• **Problem requirements**: Given the listing below, write out exactly the lines starting with the line that has "Slate Blue 4" and going on through the line that has "從消費(fèi)看,出行類的", both kept.

• **Information shown**:
···

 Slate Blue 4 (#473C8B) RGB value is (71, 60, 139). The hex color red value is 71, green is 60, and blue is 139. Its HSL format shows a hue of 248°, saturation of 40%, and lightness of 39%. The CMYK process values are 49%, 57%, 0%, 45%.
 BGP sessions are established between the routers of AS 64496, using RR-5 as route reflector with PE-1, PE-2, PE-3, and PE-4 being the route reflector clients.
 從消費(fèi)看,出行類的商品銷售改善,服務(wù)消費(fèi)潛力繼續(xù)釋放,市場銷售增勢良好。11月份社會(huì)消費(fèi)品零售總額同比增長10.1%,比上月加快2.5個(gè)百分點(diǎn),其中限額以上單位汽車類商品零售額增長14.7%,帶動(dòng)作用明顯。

···

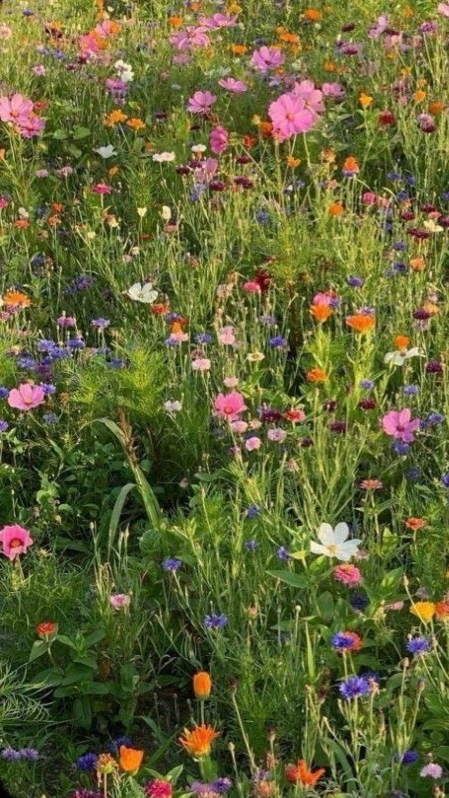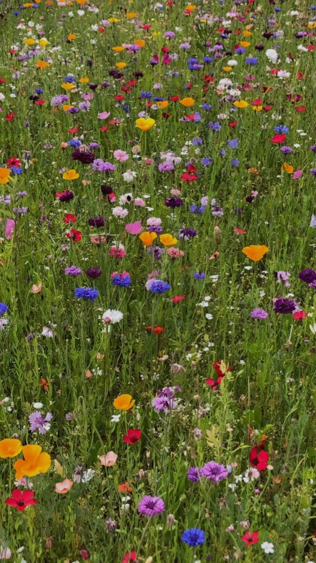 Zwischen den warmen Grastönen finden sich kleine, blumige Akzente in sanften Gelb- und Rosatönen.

···

• **Result**:
 Slate Blue 4 (#473C8B) RGB value is (71, 60, 139). The hex color red value is 71, green is 60, and blue is 139. Its HSL format shows a hue of 248°, saturation of 40%, and lightness of 39%. The CMYK process values are 49%, 57%, 0%, 45%.
 BGP sessions are established between the routers of AS 64496, using RR-5 as route reflector with PE-1, PE-2, PE-3, and PE-4 being the route reflector clients.
 從消費(fèi)看,出行類的商品銷售改善,服務(wù)消費(fèi)潛力繼續(xù)釋放,市場銷售增勢良好。11月份社會(huì)消費(fèi)品零售總額同比增長10.1%,比上月加快2.5個(gè)百分點(diǎn),其中限額以上單位汽車類商品零售額增長14.7%,帶動(dòng)作用明顯。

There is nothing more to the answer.